# Shed with wood floor?



## layndime (May 11, 2008)

Hi,

Im planning my fish shed/fish room and am wondering if anyone has used a wood floor in a shed?
I do plan on doing a concrete floor in the long run once the tanks increase in numbers.

Size of shed will be 10 x 10, i plan on doing the floor in 2x6 frame (maybe 2x8 or 2x10 even) with 3/4" plywood and thought about doing 2x6s across the joists even.
the joists would be spaced 8-10" apart

now the tanks i have planned are the big part, alot would come at a later as they do cost quite a bit 

(6) 33G
(9) 40G
(4) 20G
(10) 10G

thanks to anyone with help on this.


----------



## D-007 (Jan 3, 2008)

What kind of space will you have under the shed?

Maybe place some breeze blocks (Cinder blocks) in between the joists under the shed?


----------



## layndime (May 11, 2008)

Hi,

There will be either cinderblocks or the solid blocks they sell at lowes, this way the shed wont be directly on the ground, i live in a mobile home so putting more then a few tanks inside isnt really anything im aiming for

i'd like to add that i also plan on putting support between the joists, so it would be close to having joists going vertical and horizontal


----------



## convictkid (Jul 28, 2004)

Just do a concrete floor now and save time and the trouble of having to move all your tanks to put in another floor.


----------



## Subic76 (May 26, 2005)

With joists 8 to 10 inches apart, I really don't see the need of cross bracing.
Load baring on that would have to be in the tons.
Don't know about your area but a concrete floor means "permanent" , that means a property tax increase.


----------



## layndime (May 11, 2008)

well the main reason im not going with concrete to start is like subic76 said, its permanent and i know i will be moving down the road just not sure when exactly so i dont want to spend around 1K for the slab and then have to leave it.... this is also a reason i wont be setting all the tanks up at the start, more like half of them listed in my initial post but eventually thats what i want in a 10x10 area

but if cross bracing isnt needed then that would be ok as well, i was just going to use the scrap pieces from cutting int he middle to give it some extra support.... the shed i have in mind comes with a floor frame but the joists are spaced 24" apart and are 2x4, so im thinking as mentioned step it up to a joist every 8-10" and going to 2x6's or even larger

thanks for all the advice so far :thumb:


----------



## amcline (May 4, 2008)

2x6 at 10'x10' would be fine, support each corner on a deck support(concrete pad)to give about 8-12" under the wood. 
use pressure treated material for the floor...
you canuse standard whitewood for the walls, just be sure you haveall 4 wallssecureto the base with say a 3-4" lag bolt and be sure all 4 walls areatleast 50% covered by sheathling as this will add strenth to your floor.
i wouldnt suggest usine more the 6 supports or you may never get the level/load the same on each one, use a waterlevel or somthing to set the deck supports and then re check it after you finish the floor,

when its time to move you can slide 4"x4"s under the shed, attach them to the subfloor, and put big eyebolt in the front of them to winch the whole shed onto a flatbed trailer.
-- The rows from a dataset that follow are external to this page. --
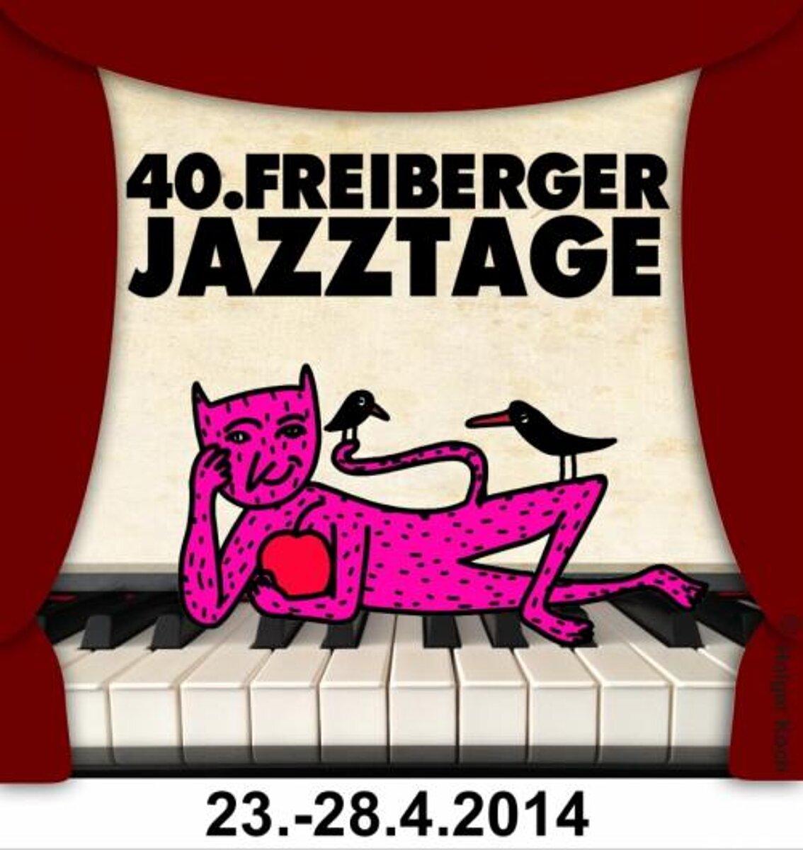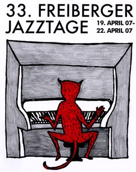 Klar, dass sich im Laufe der Jahre – 1997 hat mancher die Begriffe Internet oder E-Mail gerade so erstmals gehört – manches beim Erschaffen der Teufelchen verändert hat. »Die ersten Plakate habe ich im Siebdruckverfahren angefertigt«, so Holger Koch. »Da habe ich alles 1:1 auf Folien gezeichnet. Die Druckqualität war ein Stück besser, als heute, wo es im Digitaldruck erstellt wird.« Man könne aber heute unterschiedliche Formate von einer Vorlage drucken, »was ja auch für die Verbreitung wichtig ist«, so Koch. »Heute skizziere ich nur die Idee und versuche den Entwurf dann digital zu erstellen.« Der Künstler, der längst für seine witzigen, skurrilen, teils auch grotesken Druckgrafiken, Gemälde und Zeichnungen bekannt geworden ist, bezeichnet sich selber nicht unbedingt als Jazzfan. »Ich höre gern Musik, auch bei der Arbeit. Aber eben sehr unterschiedliche«, sagt er von sich. Das könne auch Jazz sein. Und bezogen auf seine Arbeit für die Freiberger Jazztage: »Mir geht es in erster Linie darum, eine einprägsame Bildidee zu finden, die auch eine Fortsetzung der vorangegangen Jahrgänge ahnen lässt.« Wer nun die bisher achtzehn Teufelchen Revue passieren lässt – der diesjährige, eine Art pervertierte Wiederaufnahme der Jahrgänge 2007 und 2000, bezieht erstmals ein Foto mit ein –, wird fasziniert anerkennen, dass dem Koch das bestens gelungen ist. Freiberg ist anders, meist teuflisch schön.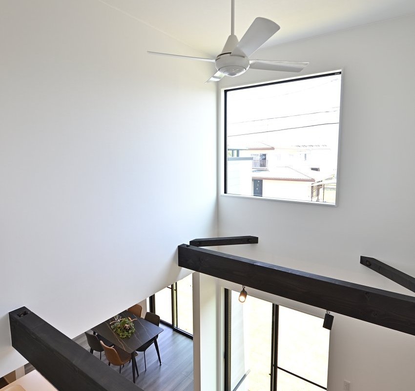 吹き抜けの南面についた窓から光を取り入れることで、お家全体と家族も明るくなります。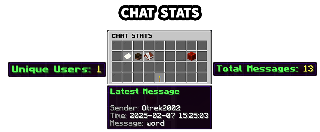 - The Chat Stats GUI tracks key chat statistics, including: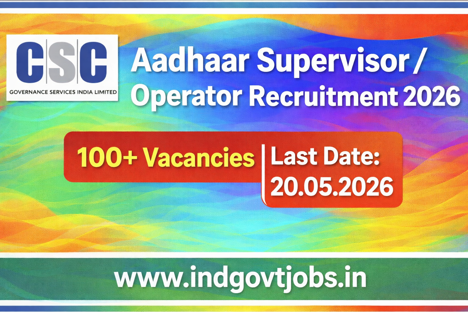Common Services Centre (CSC) e-Governance Services India Limited, has released a notification for the CSC Aadhaar Supervisor/Operator Recruitment 2026. Online applications are invited to fill 100+ Aadhaar Supervisor / Operator vacancies on contract basis (one year) across various districts in India. Eligible candidates possessing Aadhaar Operator/Supervisor certification can apply online. The CSC online application is open and the last date for submission is 20 May 2026. Candidates must check the complete details regarding eligibility, age limit, remuneration, qualification, and the application process for the CSC Aadhaar Supervisor/Operator Posts Recruitment 2026 provided below.

my personal opion is to use coarse screws not nails, also makes construction quieter for your neighbors.

btw IMO 2"x8"s wouldnt be crazy, just extra security. it also depends on your budget.
*** built several sheds, so please dont skimp on the PT lumber for the floor, (Joists/Decking)

hope this helps


----------



## layndime (May 11, 2008)

thanks that helps a ton!

the prices i've looked into is for pressure treated material so it fits my budget (i think 2x8 is only a couple bucks more), the shed itself is one i got my eyes on from home depot which comes pre-cut i just have to put it together, the floor id be doing from scratch

i agree on the screws over nails


----------



## amcline (May 4, 2008)

well if your handy you might consider building the shed yourself, you might save enough to insulate and put in a cheap window a/c with thermostat.
then again i dont know the cost of the Plan and material kits vs the prebuilt stuff,

btw i notice your name, s-dime?
im always a fan of the mini chevy's


----------



## layndime (May 11, 2008)

i havent checked into the difference due to that i havent did any carpentry in a few years but could probably get together with a friend or 2 and do the shed but the floor (alot simpler as well) was my main concern due to the weight it would have on it but, a window a/c is in the plans as well due to the heat we receive in the summer days (myrtle beach,sc)

and yeah s10s are my other hobby, i'm mainly into the air bag stuff though


----------